1. Repair muscle breakdown

As mentioned earlier, protein is going to help minimise muscle breakdown during your workout and speed up the recovery process. ‘Muscle fibres are breaking down while we work out, so if we consume protein after a workout, it’s going to help stop that process,’ says Hill.

2. Build lean muscle

Post-workout protein is not the only reason for gains, but the essential amino acids in protein are major building blocks to maximise and grow lean muscle, according to a 2019 study. Remember that you should strive to consume protein within 30 minutes to an hour after your workout to maximise its impact, but it’s okay if you’re a little late.

‘Your workout won’t be wasted if you don’t have [protein] within 30 minutes of your last exercise,’ stresses McPeak. ‘Just aim for a high-protein meal or shake within a couple of hours after your session.’

3. Boost energy

Sometimes after an intense workout, you can’t even stomach the idea of a full meal. But if you’re feeling depleted or even a little nauseous, research suggests a protein shake can boost energy and replenish any lost fluid you sweat out. A scoop of protein is also easier to digest if you’re lacking an appetite.

4. Reduce inflammation

Intense workouts can cause tiny, microscopic tears in your muscle fibres, and your body reacts to this damage by increasing inflammation (also known as delayed-onset muscle soreness), according to the American College of Sports Medicine. But the good news is that high levels of protein can help minimize this breakdown and mitigate the inflammatory response, research suggests, ultimately making you less sore.

How to meet your daily protein goals

Remember, while protein timing matters, hitting your total daily protein intake is the priority.

1. Work out how much protein you need

Most adults need around 0.75g of protein per kilo of body weight per day (for the average woman, this is around 45g). However, if you are especially active, you will likely need to eat more.

  1. Average women: 0.75g of protein per kg of body weight per day

  2. Endurance athletes: 0.8-1g per kg per day

  3. Strength athletes: 1.5-2g per kg per day

Pro tip: Aim to consume 20 to 40 grams of protein at each meal across three to five meals a day.

And while daily protein is critical, don’t skimp on carbohydrates! ‘The general rule of thumb is to consume a three to one ratio of carb to protein,’ says Hill. ‘For someone trying to lose weight, they should do a two-to-one ratio.’

2. Figure out the best protein sources for you

Your protein sources should also come from a variety of foods with complete and incomplete proteins and adequate amino acid profiles.

‘There are 20 amino acids, and nine are essential, which means we have to get them from food,’ says Hill. ‘Eleven are non-essential, which means our bodies actually create them.’

For complete protein sources (contain all nine essential amino acids), try animal products like lean meats, dairy, and fish, says Hill. For incomplete proteins (do not contain all nine essential amino acids) incorporate beans, nut butter, vegetables, and whole grains.

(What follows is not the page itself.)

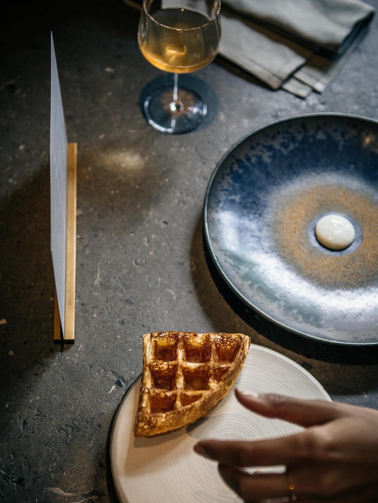 Aunque no es un restaurante con platos signature, hay algunos que son los más laureados. Uno es su Raclette Waffle. Cuando te lo ponen delante, parece un gofre dulce, pero en realidad es una explosión de umami increíble gracias a la combinación de kimchi, yogur y queso suizo. "Este pase es un recuerdo a nuestras cenas del 24 de diciembre, que en Suiza, tradicionalmente, se come raclette", explica el chef. La idea es comerlo con las manos y mojar en el polvo de kimchi y el yogur. Para repetir y repetir.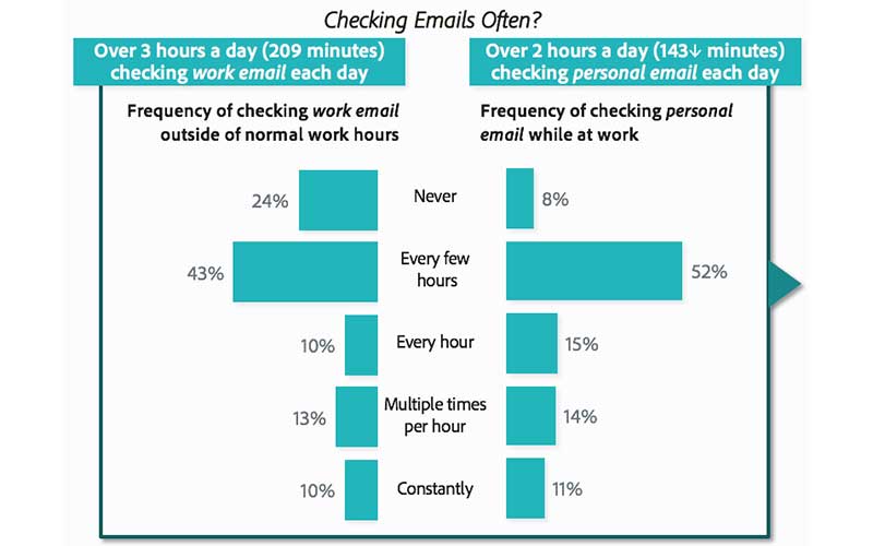 รายงานผลการศึกษาเกี่ยวกับการใช้อีเมลของอะโดบี (“Adobe Email Usage Study”) ประจำปี 2562 ซึ่งสำรวจความคิดเห็นจาก 1,002 คน ช่วงเดือนกรกฎาคม 2562 ระบุว่า ผู้บริโภคใช้เวลาราว 5 ชั่วโมงต่อวัน โดยแบ่งเป็น ใช้เวลาราวๆ 3 ชั่วโมงเพื่อเช็คอีเมลบริษัท และประมาณ 2 ชั่วโมงเพื่อเช็คอีเมลส่วนตัว ผู้บริโภคเหล่านี้รีเฟรชกล่องอินบ็อกซ์ของตนเองในหลายๆ ช่วงเวลาและสถานที่ที่แตกต่างกัน เช่น ขณะที่กำลังดูทีวี บนเตียงนอน ระหว่างการประชุมเรื่องงาน ขณะขับรถ และแม้กระทั่งในห้องน้ำ

For some healthy snack options, she suggests toast with nut butter, a turkey and cheese roll, or high protein cereal with skim or one per cent milk.

If you’re looking for a powder to maximise your complete protein intake, it’s best to come from animal sources, like whey or dairy protein, says Hill. ‘Whey protein is going to have distinct muscle-building characteristics,’ she explains. ‘It's also anti-inflammatory, and it helps to turn protein into lean active muscle tissue.’ For a vegan alternative, McPeak suggests pea, brown rice, or hemp protein.